Instructions for the task ::
How many lines in the data below contain the word "байна"? State only the number.

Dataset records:

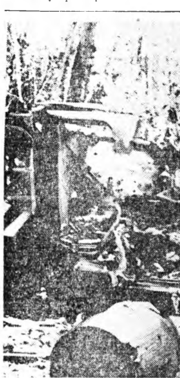
УРДА ВЬЕТНАМ. Тайнинь провинцидахи сүлөөрэлгын армин сэрэгшэд буудажэ халгаанан американ М-113 гэжэ бронетранспортерой хажууда ерээд байна.

Городой урлан араб захиргаанай элнэ ехэ түлөөлөгшдөө Израилин засагаархид ороной эдлэб хубинуудта үнэргэгнэ нелсидэ сүлэн эльгэсэн байна. Тэднэй тоодо «Израильда жэргүү ябуулаха хэжэ гэмнэгдэн Иерусалимт губернатор бии.
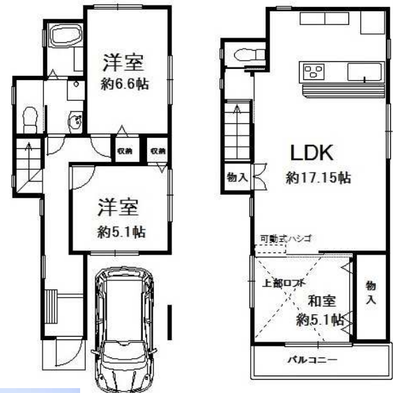
※カーナビ:神戸市垂水区千鳥が丘3丁目23-15周辺
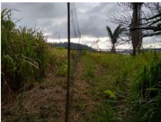
Figura 5 – Montagem de redes de neblina (M3T2).
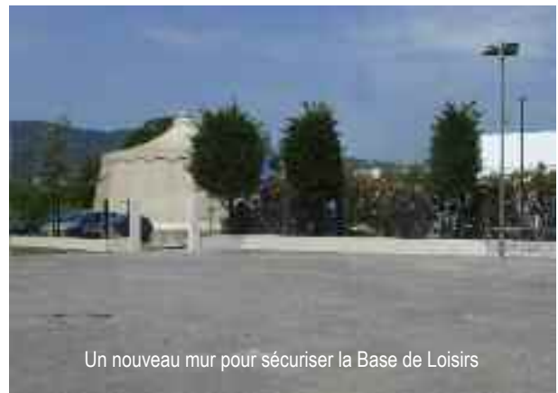
Un nouveau mur pour sécuriser la Base de Loisirs
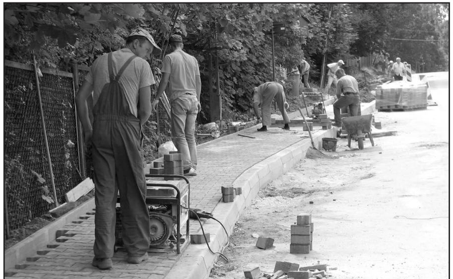
Budowa chodnika z czerwonej kostki brukowej przy ul. Kieleckiej weszła w ostatnią fazę.

realizację budowy dróg: Jaworze – Siodła, Zagnańsk - Bartkowie Wzgórze oraz w rejonie zbiornika w Kaniowie. Szerzej o tych inwestycjach napiszemy w stosownym czasie. (Kos.)
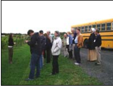
Délégués visitant l'Île d'Orléans
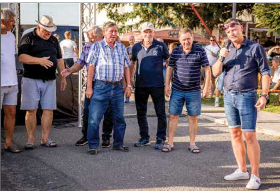
● Členovia klubu dôchodcov získali zlatú priečku vo varení gulášu
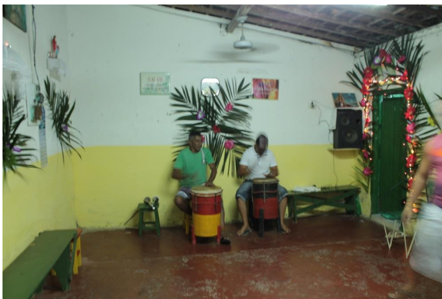
Fotografia 8: Espaço onde ficam os Ogans e são entoados os cânticos.

medida que as entidades as consomem. Sobre esses detalhes, retornarei com maior atenção no próximo capítulo.
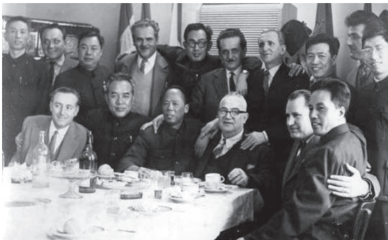
Szovjet látogatók a Magyar Autonóm Tartományban, 1956

Győző és mások által támadott mű nem volt más, mint a felszabadulás utáni vidéki élet első hiteles, nem sablonos ábrázolása. Másfelől oldódni látszott a MAT korábbi elszigeteltsége: május folyamán a Vörös Zászló büszkén jelentette, hogy Marosvásárhelyre látogat a Burját-Mongol Köztársaság egészségügyi minisztere és a Kirgiz Tudományos Akadémia elnöke 30 , majd júniusban a svájci Gazette de Lausanne tudósítója, szeptemberben pedig Pierre Dronin, a Le Monde újságírója, akit elragadott Marosvásárhely tisztasága és vidámsága. 31 Ugyanakkor a Magyar Autonóm Tartomány újságírói is utazási engedélyt kapnak: szeptember 26-án „Marosvásárhelyről Prágáig” címmel hosszú riportot jelentett meg a helyi napilap munkatársa, aki a (Budapesten át közlekedő) Bukarest–Prága Orient Expressz nemzetközi gyorsvonattal jutott a csehszlovák fővárosba.
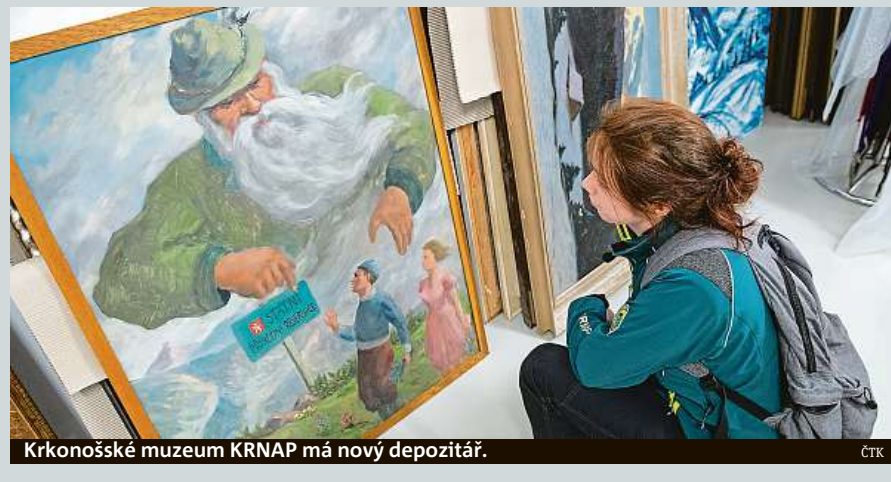
Krkonošské muzeum KRNAP má nový depozitář.

nů korun. Je v místě bývalého skladu Správy KRNAP v Hořejším Vrchlabí. Stávající budova byla rekonstruována a vzniklo nové konzervátorské a digitalizační pracoviště. Celé přízemí objektu je určeno k práci se sbírkami, v patře objektu je badatelna, zázemí pro kurátory jednotlivých podsbírek. Depozitář uchovává cenné doklady života v Krkonoších. ČTK
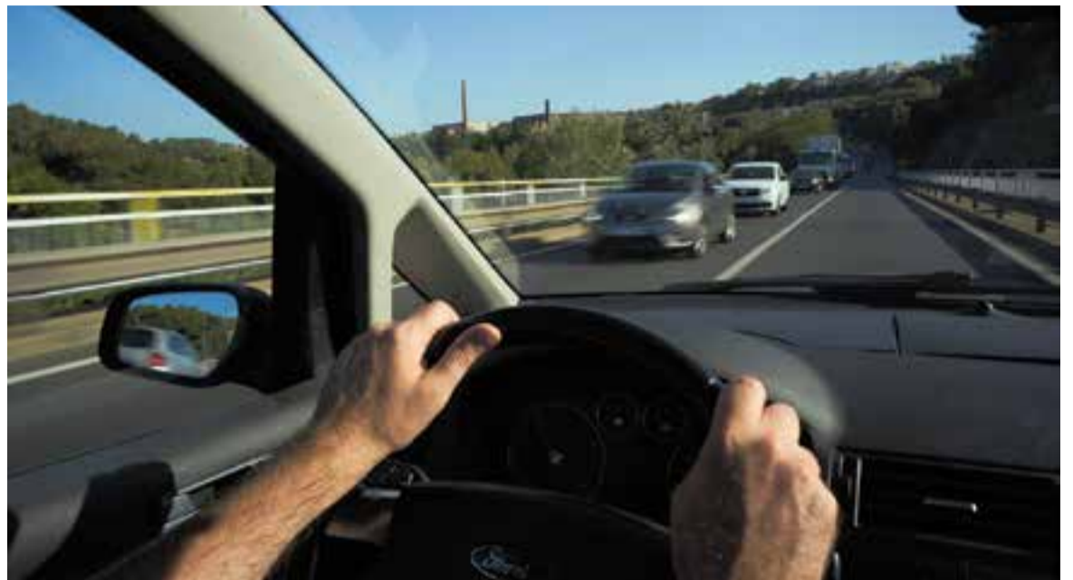
Vehicles travessant el pont de la carretera de Sabadell (B-124) en una imatge recent.

El projecte acordat perllongarà la B-40 des de Terrassa fins a connectar-se amb la Ronda de l'Oest de Sabadell i continuaria soterrada per connectar amb la carretera de Castellar (B-124). Segons ha publicat el diari El País , de fonts de la Generalitat, si l'acord és total –també per part del Ministeri de Foment– es licitarien primer les obres del tram de Sabadell a partir del 2025. El cost aproximat de la infraestructura podria superar els 400 milions d'euros. Segons preveu la Generalitat, aquesta Ronda Vallès servirà per canalitzar uns 40.000 vehicles diaris, dels quals 13.000 creuen diàriament Sabadell per trobar l'autopista, i que en bona part procedeixen de Castellar del Vallès. Des del territori s'intenta superar el concepte del Quart Cinturó i es parla més d'una via interurbana: la Ronda Vallès. "Hi ha
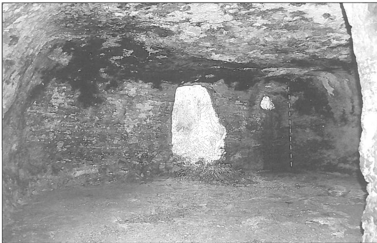
Na Bri, Santanyí. El portal des de l'interior.
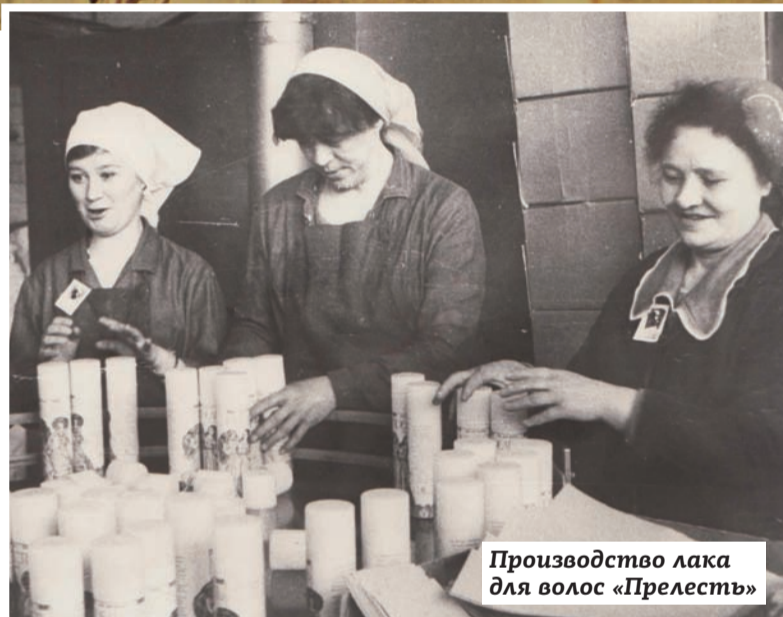
Производство лака для волос «Прелесть»

В первом номере многотиражной газеты «Рабочая трибуна» много писалось о трудолюбии работников, о техническом прогрессе, о необходимости осваивать сложное оборудование, поточные линии наполнения аэрозольных упаковок, совершенствовать технологии. Сами заводчане на страницах газет призывали своих товарищей проявлять трудолюбие и смекалку при выполнении производственных заданий. Будучи современным и технически передовым предприятием для своего времени, ООО «Аэрозоль Новомосковск» продолжает оставаться таковым и в XXI веке, что требует больших усилий со стороны работников всех подразделений завода.
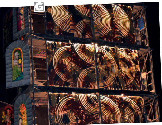
■ 7 juillet - compagnie Lucamoros.
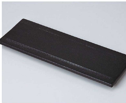
105-301-083 4,700円 黒柚子36cm長皿 (36.5×12.2×2.5)

Completed exercise ::
2